Since December 2024, the Fed has maintained its benchmark federal funds rate in the 4.25%–4.50% range, a decision shaped by a delicate balancing act between its dual mandate of controlling inflation and supporting employment. Several key factors have contributed to this extended pause:

  1. Sticky Inflation and Tariff Concerns: Inflation has proven more persistent than anticipated, with consumer price index (CPI) readings rising from 2.3% in April 2025 to 2.7% in June, and the Fed’s preferred personal consumption expenditures (PCE) index climbing to 2.6%. President Donald Trump’s proposed tariffs have added uncertainty, with fears they could reignite inflationary pressures by increasing the cost of imported goods. Fed Chair Jerome Powell has emphasized a cautious approach, noting that businesses are increasingly passing tariff costs to consumers, potentially pushing inflation above the Fed’s 2% target.
  2. Resilient but Softening Labor Market: While the U.S. economy has avoided a recession and shown robust growth compared to other developed nations, recent labor market data has raised concerns. July 2025 saw only 73,000 jobs created, well below the 110,000 expected, with downward revisions to prior months signaling a slowdown. The unemployment rate, hovering around 4.2%, remains low, but the Fed is wary of further weakening that could tip the economy into a downturn.
  3. Policy Uncertainty Under Trump: The Fed has faced intense political pressure from President Trump, who has publicly demanded aggressive rate cuts, even lobbing insults at Powell. Trump’s nomination of Stephen Miran, an advocate for easing, to the Fed’s Board of Governors in August 2025 has further complicated the outlook, potentially tilting the Fed toward a more dovish stance.

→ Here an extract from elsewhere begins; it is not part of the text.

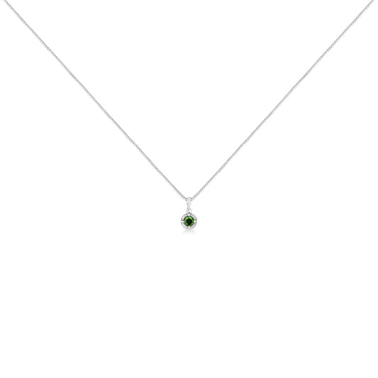 .925 Sterling Silver Created Green Emerald and White Sapphire Oval Shaped Pendant Necklace - 18" Inches

However, Powell has maintained the Fed’s independence, adopting a data-dependent approach to navigate tariff-related inflation risks and economic shifts.
  4. Economic Resilience: Despite inflationary pressures, the U.S. economy has remained strong, with solid corporate earnings and consumer spending. Powell has noted that growth has outpaced other developed economies, giving the Fed room to hold rates steady while monitoring incoming data. This resilience has allowed the Fed to delay cuts without triggering a recession, but recent signs of moderation have shifted the risk balance toward employment concerns.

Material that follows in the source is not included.